It is possible, in principle, that the IR beam of the spectrometer heats the sample sufficiently to cause kinetic artifacts. A rough estimate would be a temperature elevation in the IR beam by 0.001–0.1 K, which could be responsible for the above-mentioned slow kinetics. To test for this, we repeated the time-resolved experiments in the 255–270 K range, using an IR beam attenuated by a factor of ∼4 with thin Ge wafers. There was no noticeable change in the observed rates, and we conclude that temperature gradients created by the measuring IR beam are not responsible for the observed kinetics.
IR monitoring of the main lipid transition
Besides the protein and the water, the purple membrane sample contains only lipids. Most pure lipids undergo a main phase transition in the 250–350 K range (20,52), which is primarily the freezing and immobilization of the hydrophobic lipid tails. This transition leads to specific changes of the methyl, methylene, and carbonyl bands (30–32). Figure 5A represents a difference spectrum for the main (gel-to-liquid crystal) transition calculated between spectra of a phosphatidylcholine film at 290 and at 220 K. It contains sharp spectral features from perturbation of the symmetric (∼2848 cm−1) and antisymmetric (∼2917 cm−1) methylene stretches, methyl antisymmetric stretch (∼2954 cm−1), carbonyl antisymmetric stretch (∼1739 cm−1), and methylene scissoring and/or methyl bending (∼1469 cm−1). Our IR spectra are in accordance with earlier data from other lipids (30–32,53) for this transition. The strongest changes are in the region of the methyl and methylene stretch vibrations at 2830–2970 cm−1 (Fig. 5B). For their evaluation, the spectra were at first fitted (in GRAMS) with a weighted sum of Gauss and Lorentz band-shapes (with r2 ≥ 0.997, data not shown), and then the band position (Fig. 6A–C) or their widths (Fig. 6D) were fitted with Eq. 1.
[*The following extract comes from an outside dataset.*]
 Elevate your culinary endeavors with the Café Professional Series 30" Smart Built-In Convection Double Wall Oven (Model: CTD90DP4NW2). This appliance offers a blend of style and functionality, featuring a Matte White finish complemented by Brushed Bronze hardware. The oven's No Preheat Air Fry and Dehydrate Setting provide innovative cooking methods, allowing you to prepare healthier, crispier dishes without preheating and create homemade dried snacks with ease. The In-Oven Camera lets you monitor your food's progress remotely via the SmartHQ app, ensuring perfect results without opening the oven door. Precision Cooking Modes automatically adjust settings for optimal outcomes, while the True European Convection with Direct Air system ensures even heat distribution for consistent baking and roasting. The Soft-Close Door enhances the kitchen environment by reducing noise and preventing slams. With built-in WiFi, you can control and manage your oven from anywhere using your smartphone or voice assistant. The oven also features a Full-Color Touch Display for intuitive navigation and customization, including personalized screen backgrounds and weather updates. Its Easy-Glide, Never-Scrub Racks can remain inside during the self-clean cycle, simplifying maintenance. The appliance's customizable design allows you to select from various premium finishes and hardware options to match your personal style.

Thus, the IR data for phosphatidylcholine characterize a transition that leads upon freezing to a down-shift of 3.6 ± 0.9 cm−1 in the position of (1) the symmetric (Fig. 6A) and (2) antisymmetric (Fig. 6B) methylene stretch bands, (3) methyl antisymmetric stretch band (Fig. 6C), as well as (4) to a substantial narrowing (by 22%) of the antisymmetric methylene stretch band (Fig. 6D). The infrared changes take place at T = 261 ± 2 K, in accordance with the earlier reported values, 263 ± 7 K for the gel-to-liquid crystal transition determined by calorimetric methods for this lipid (53–63). The corresponding average size of the cooperativity cluster, N, includes according to our estimate 28 ± 5 molecules, in accord with the previously reported domain size (although in different lipids) N = 40 ± 5 (64) or N =50 ± 30 (65) or N = 37 (66), determined for the gel-to-liquid crystal transition with atomic force microscopy (64,65) or by fluorescence anisotropy measurements (66).
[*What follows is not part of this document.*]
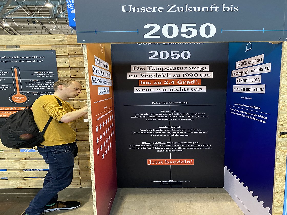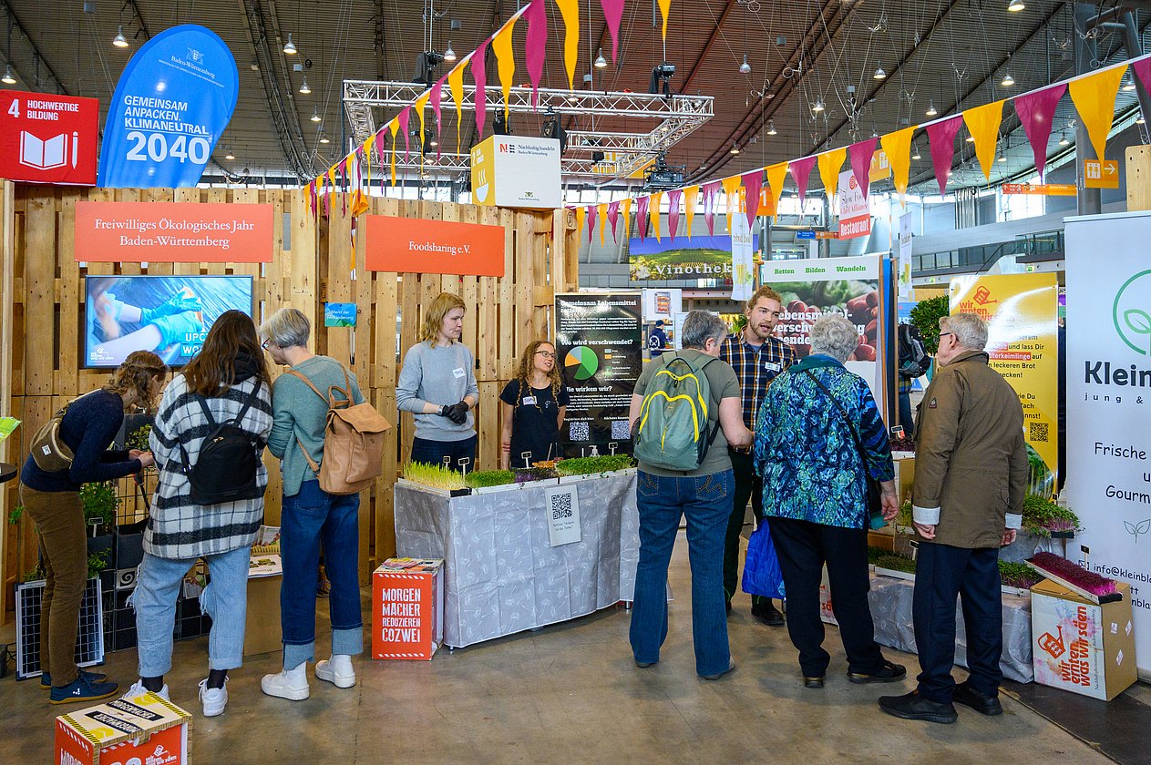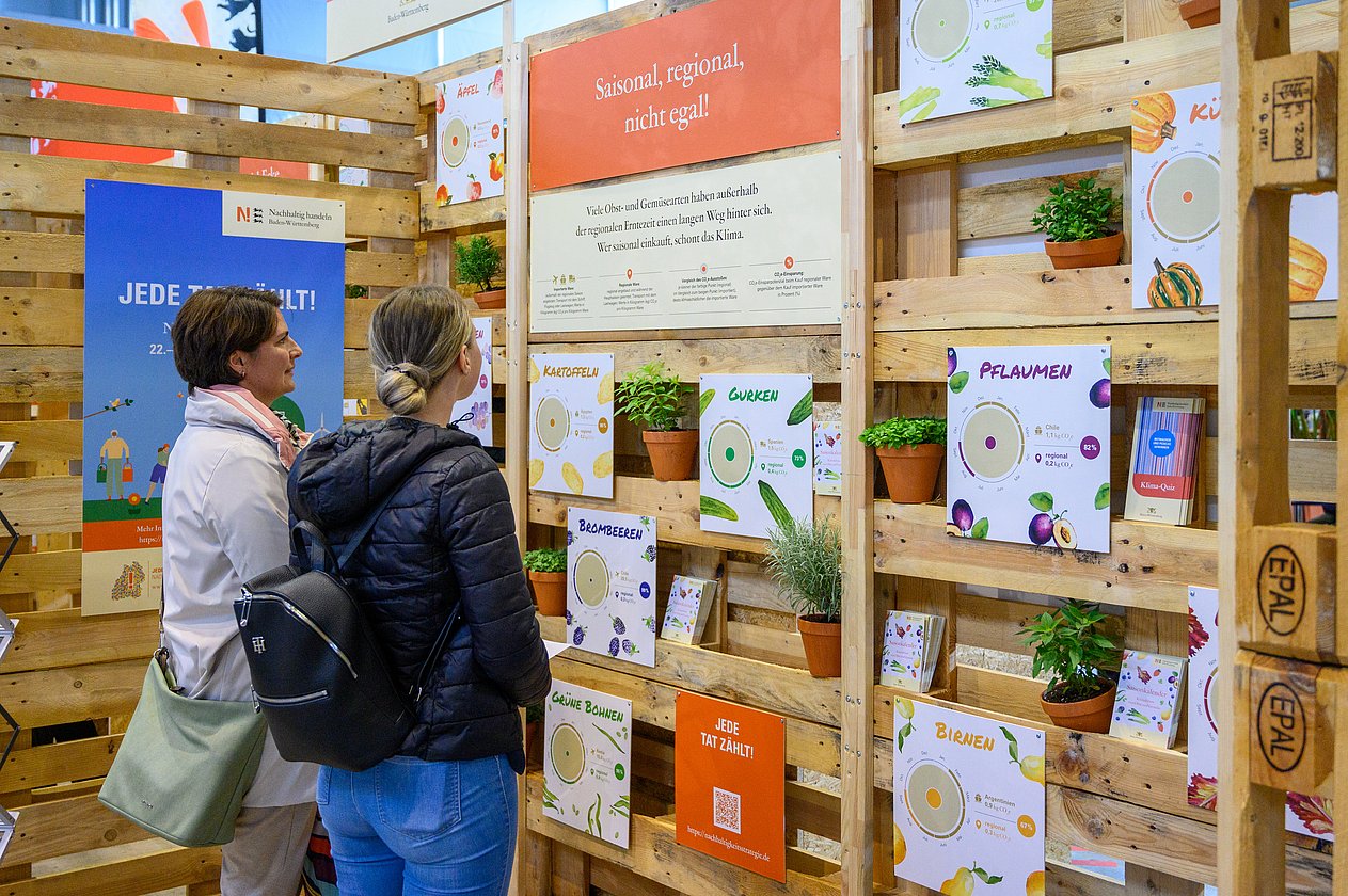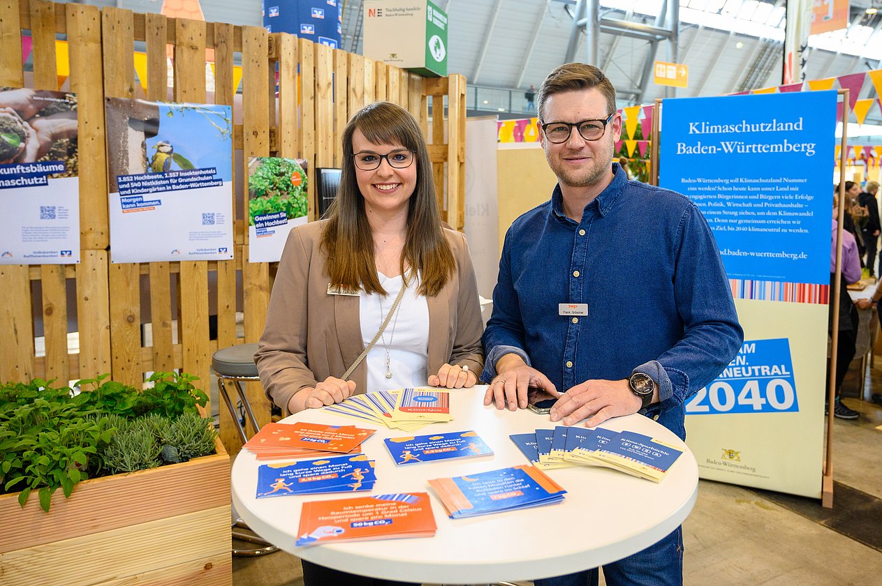 Rund 60.000 Besucherinnen und Besucher waren vom 13. bis 16. April in den Messehallen in Stuttgart. Der Informations- und Aktionsstand der Nachhaltigkeitsstrategie Baden-Württemberg innerhalb der Fair Handeln Messe drehte sich um das Thema Klimaschutz und bot viele CO2-Spartipps zu unterschiedlichen Alltagsthemen.

Unlike for pure lipids (see Ref.  for review), not much is known about the phase behavior of purple membrane between 180–280 K. No evidence for thermodynamic phase transitions were found by either differential scanning calorimetry in the 240–350 K range (23,67) or by X-ray diffraction in the 195–350 K range (21,22). In accordance with this, unlike in phosphatidylcholine, we did not find in the 180–280 K range any IR-detectable change in the methyl and methylene bands of purple membrane films (data not shown), at the accuracy of ∼1 cm−1, as compared with the 3–4 cm−1 shifts in Fig. 6.
The ∼261 K temperature point of the IR-detectable phase transition in phosphatidylcholine in Fig. 6 is uncomfortably close to the freezing point of interbilayer water at 256 K in Fig. 2 but its presence in the lipids vs. its absence in the purple membrane sample, and its coincidence with the calorimetrically detected transition in phosphatidylcholine (20) indicates that this is an intrinsic property of the lipids rather than a slaving effect forced by freezing of the water.
Bacteriorhodopsin kinetics in the region of thermal hysteresis
The kinetics of the photocycle of the D96N mutant at pH 6.9 in the 180–280 K temperature range were described recently in detail (4), in the same samples as those used in this study. At temperatures in the range of 250–280 K a mixture of M and N intermediates is formed within 0.1 s, and this mixture decays to the bR state on the time-scale from 0.1 to 103 s with 2-exponential kinetics (see Ref.  for more details). Thus, the general pattern of the photocycle above 250 K is not different from that at room temperature but with slower overall kinetics. However, the data in Ref. (4) was a measure on the cooling branch of the hysteresis curve in Fig. 2, and the thermal hysteresis (Fig. 2) creates a possibility to examine the photocycle in the 250–270 K region, at a fixed given temperature, but with the protein surfaces in different environments, of either liquid or frozen water, depending on the thermal history of the sample.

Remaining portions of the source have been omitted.